• **The task**
Restate exactly, and only, the lines from the one with "北海道・東北・北陸・東京・愛" through the end of the data, with both of those end lines kept. Drop any pictures.

• **Information shown**

BEGIN

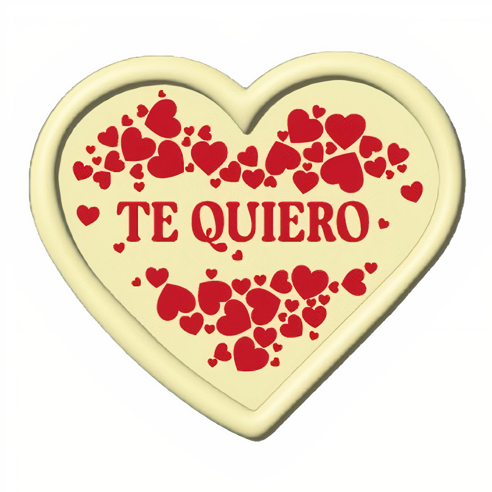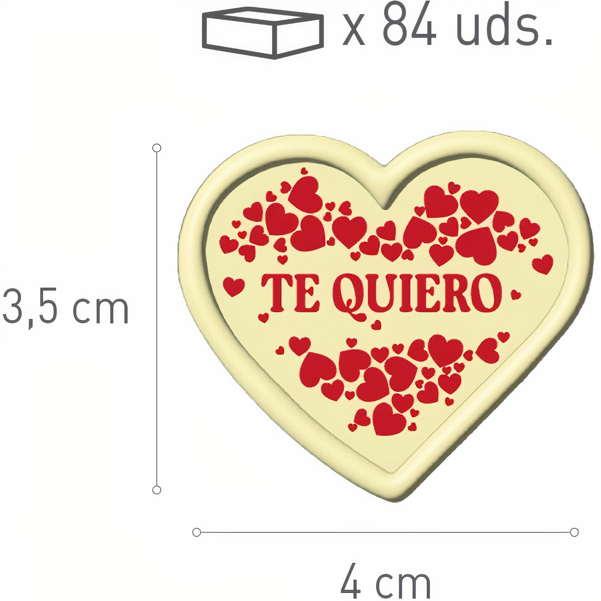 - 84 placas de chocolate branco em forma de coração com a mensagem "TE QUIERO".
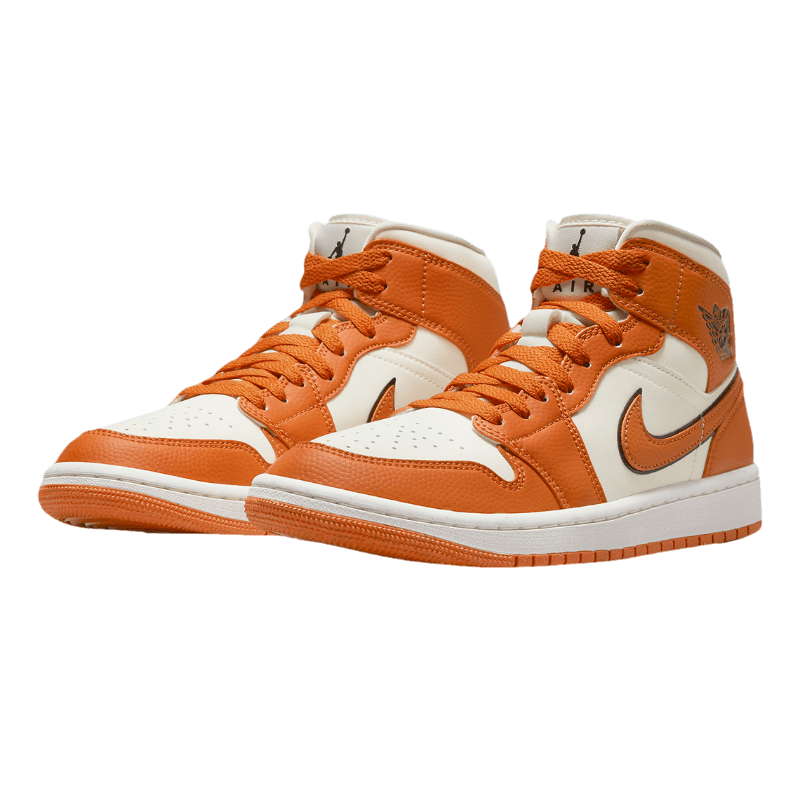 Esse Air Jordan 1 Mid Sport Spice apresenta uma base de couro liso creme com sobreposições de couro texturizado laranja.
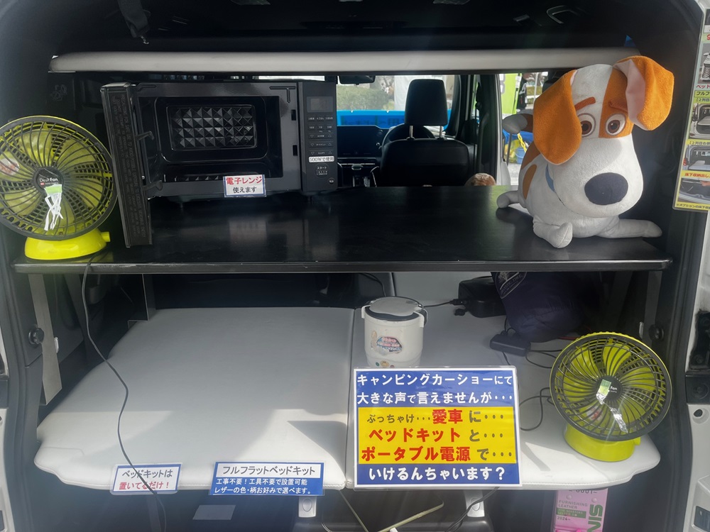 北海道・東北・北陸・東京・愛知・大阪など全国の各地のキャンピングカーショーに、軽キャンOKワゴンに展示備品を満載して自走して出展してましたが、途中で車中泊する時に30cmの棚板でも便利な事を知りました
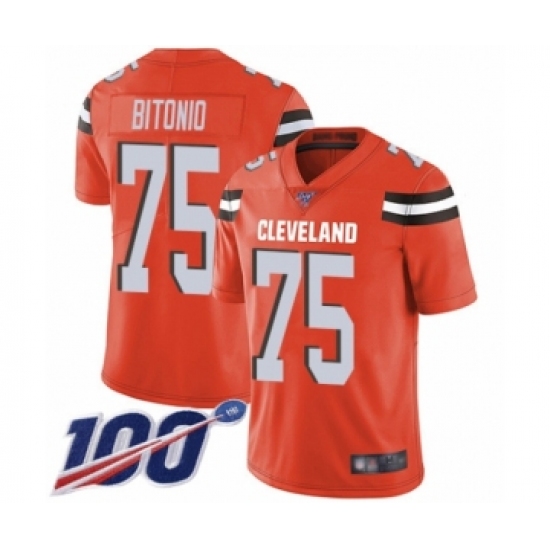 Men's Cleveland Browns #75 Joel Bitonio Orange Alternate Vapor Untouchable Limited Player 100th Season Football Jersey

END

• **Exercise output**
 北海道・東北・北陸・東京・愛知・大阪など全国の各地のキャンピングカーショーに、軽キャンOKワゴンに展示備品を満載して自走して出展してましたが、途中で車中泊する時に30cmの棚板でも便利な事を知りました
 Men's Cleveland Browns #75 Joel Bitonio Orange Alternate Vapor Untouchable Limited Player 100th Season Football Jersey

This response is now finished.